* **Task item**: Please give the listing again in full, leaving out its images.

═════ Dataset ═════

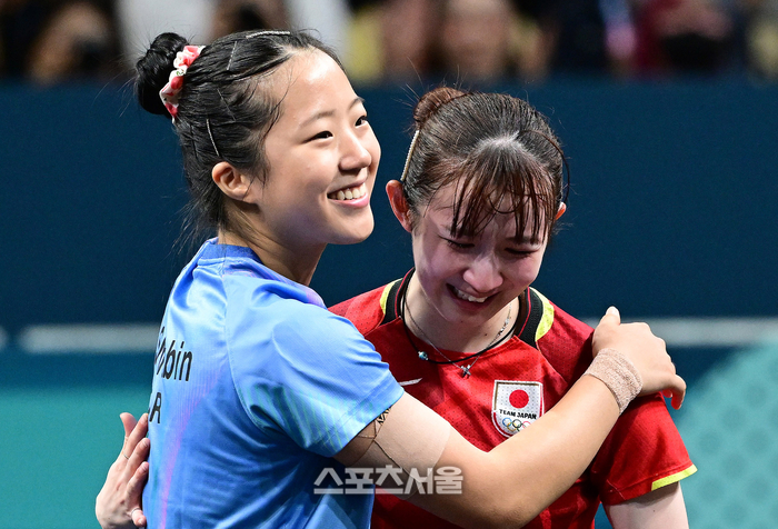 탁구 국가대표 신유빈(왼쪽)이 3일(한국 시간) 프랑스 파리 사우스 파리 아레나4에서 열린 2024 파리올림픽 탁구 여자 단식 동메달결정전에서 일본의 하야타 히나에게 패한 뒤 상대 선수와 웃으며 인사를 하고 있다. 2024.08.03
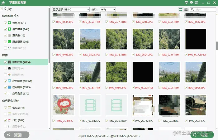 第3步:扫描完成以后,我们就可以从左边往下,找到【相机胶卷】点击即可。往下的过程不仅能看到【相机胶卷】,还能看到一些常用的软件数据都扫描,最后在选择需要的图片后点击【恢复】即可。
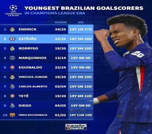 在與阿賈克斯的比賽中斬獲歐冠生涯處子球后,18歲的埃斯特旺成為切爾西隊(duì)史歐冠最年輕進(jìn)球者,他也是歐冠進(jìn)球第二年輕的巴西球員,僅次于恩德里克。
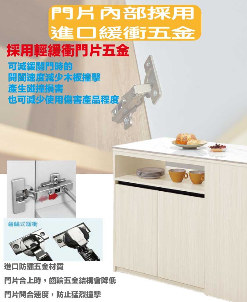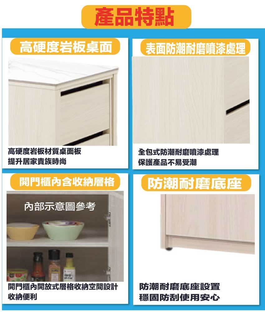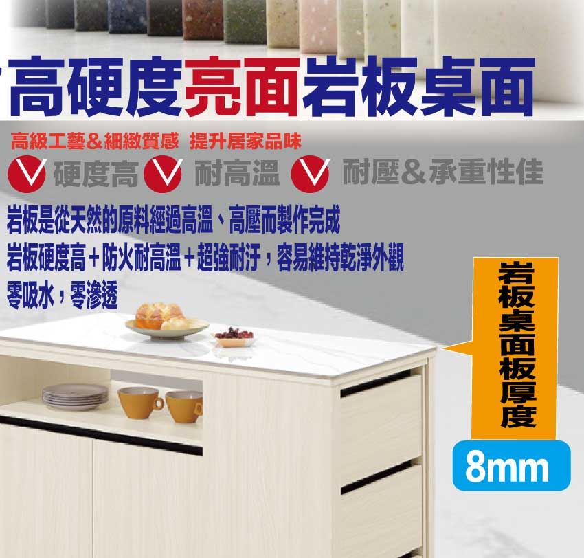 材質:防蛀木心板+防潮耐磨底座(可調高低水平)+防夾手緩衝門片五金+8mm高硬度岩板桌面板
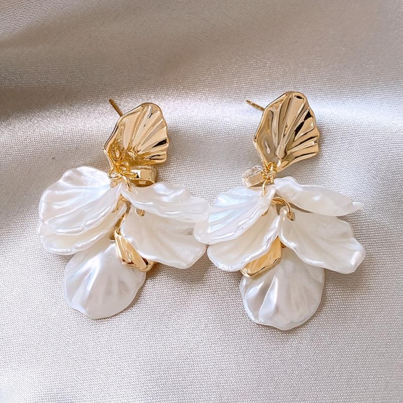 These delicate zinc alloy earrings feature elegant shell leaf design with rhinestones. Suitable for daily wear and special occasions.
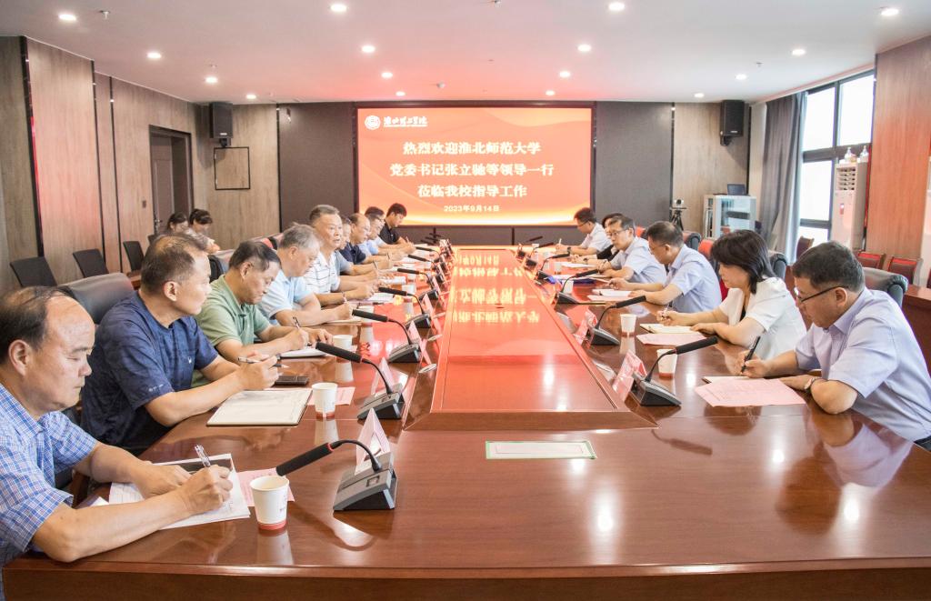 为进一步加强校际间合作共建,探讨办学经验做法,推动两校教育教学高质量发展,9月14日,淮北师范大学党委书记张立驰等领导一行来我校调研指导工作。校长杨兵、党委书记朱德顺等领导热情接待了张立驰一行。

═════

* **Output of the task**:
 탁구 국가대표 신유빈(왼쪽)이 3일(한국 시간) 프랑스 파리 사우스 파리 아레나4에서 열린 2024 파리올림픽 탁구 여자 단식 동메달결정전에서 일본의 하야타 히나에게 패한 뒤 상대 선수와 웃으며 인사를 하고 있다. 2024.08.03
 第3步:扫描完成以后,我们就可以从左边往下,找到【相机胶卷】点击即可。往下的过程不仅能看到【相机胶卷】,还能看到一些常用的软件数据都扫描,最后在选择需要的图片后点击【恢复】即可。
 在與阿賈克斯的比賽中斬獲歐冠生涯處子球后,18歲的埃斯特旺成為切爾西隊(duì)史歐冠最年輕進(jìn)球者,他也是歐冠進(jìn)球第二年輕的巴西球員,僅次于恩德里克。
 材質:防蛀木心板+防潮耐磨底座(可調高低水平)+防夾手緩衝門片五金+8mm高硬度岩板桌面板
 These delicate zinc alloy earrings feature elegant shell leaf design with rhinestones. Suitable for daily wear and special occasions.
 为进一步加强校际间合作共建,探讨办学经验做法,推动两校教育教学高质量发展,9月14日,淮北师范大学党委书记张立驰等领导一行来我校调研指导工作。校长杨兵、党委书记朱德顺等领导热情接待了张立驰一行。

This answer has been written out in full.